Wednesday, September 14, 2011

Braces, First Kisses, Pretty Daughters...and why it is God loves us so much

This morning I took Morgan to get her braces checked. She had hoped she was getting them off today, but that was not to be. About 3 more months and then she'll be finished. She was really sad that they weren't coming off today...until they showed her the pictures from when we first began this whole process 4 years ago. Dr. Joel Cooper is a genius!
It seems like with my life the way it has been, the only real time I get with her anymore is when I take her to the orthodontist or to school. I have missed some time with her over these past 3 years living from place to place, but I've always been here for her.  Now that I am settling in again here in Nashville, things will be normal soon, but three years is a lot of time lost.
Last week, taking her to school, we talked about how she is doing right now. I asked her about school and her friends and her little brother, you know, small talk. Then I asked her about boys in her class. Was she interested in any of them, did she have a boyfriend? She let out a resigned "No" and then she said "The boys my age are stupid anyway". "Good" I thought..."That will change soon enough but one less day of boy-craziness is fine with me. " I said "Honey don't worry about it...you are so much more mature than them right now, you're 13, there's plenty of time for that stuff" Then she looked at me and said just a little plaintively "But I haven't even had my first kiss yet." I was ready to alternately shout for joy and break down in tears. I was happy to hear that, but sad because of the pressure she must be under and the importance in this culture of the first kiss. I instantly realized this was a critical daddy-moment and I uttered a silent prayer for a wise response. "It will come in time Honey...you don't kiss someone just to kiss them" was my attempt at wisdom. She said "But all my friends have already had their first kiss" I wanted to cry. Not because the thoughts of my little girl kissing a boy was sad -even though, for me, it is-- but because my daughter is living the very struggles I read about each day on the Internet or in the newspaper.

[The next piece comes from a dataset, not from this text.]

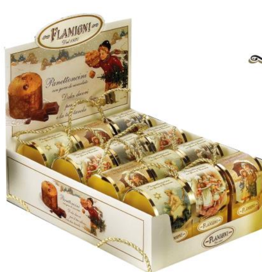
80g Chocolate Panettone in display with chocolate drops 80g x 36 FLA3601

How this world pressures kids into becoming adults way too soon.
Something in the way she said "But I haven't even had my first kiss..." just broke my heart. My little girl is at that stage where a lot of things are painful and awkward. She is a beautiful girl who doesn't see herself that way. She doesn't see herself as ugly -her daddy has made that impossible-- but she wrestles with the doubts that young women this age do. She often tends to be so determined not to go along with the norms for beauty and femininity that she goes 180 degrees the other way. She dresses very different from the "girly girls" in her school. She is artsy and a tremendous singer and artist. She is beautiful but she is afraid to accept it in case she is wrong about her beauty. It's a hard time for her and a hard time for a kid to be coming of age. I hate the messages this world sends. Messages from vapid synthetic stars like Miley Cyrus or pick-a-Kardashian. I wish there were some approachable, visible, young women who truly lived from a biblical world-view but were still "cool". Mostly I wish my daughter wasn't caught in this teenage time period when she is so unsure of herself. I wish I could just sweep her up into my arms and hug her tightly until she was about 20, and ready to face this nonsensical world. I wish I could absorb the blows this world hands out to 13 year old young women. I wish I could make her be 4 years old again.
I love my daughter...anyone who has spent more than 5 minutes with me knows this. But I love her a little more and I linger in our hugs and I kiss her forehead more when she is hurting. When she needs me the most is when I respond in love the most. Isn't that like God?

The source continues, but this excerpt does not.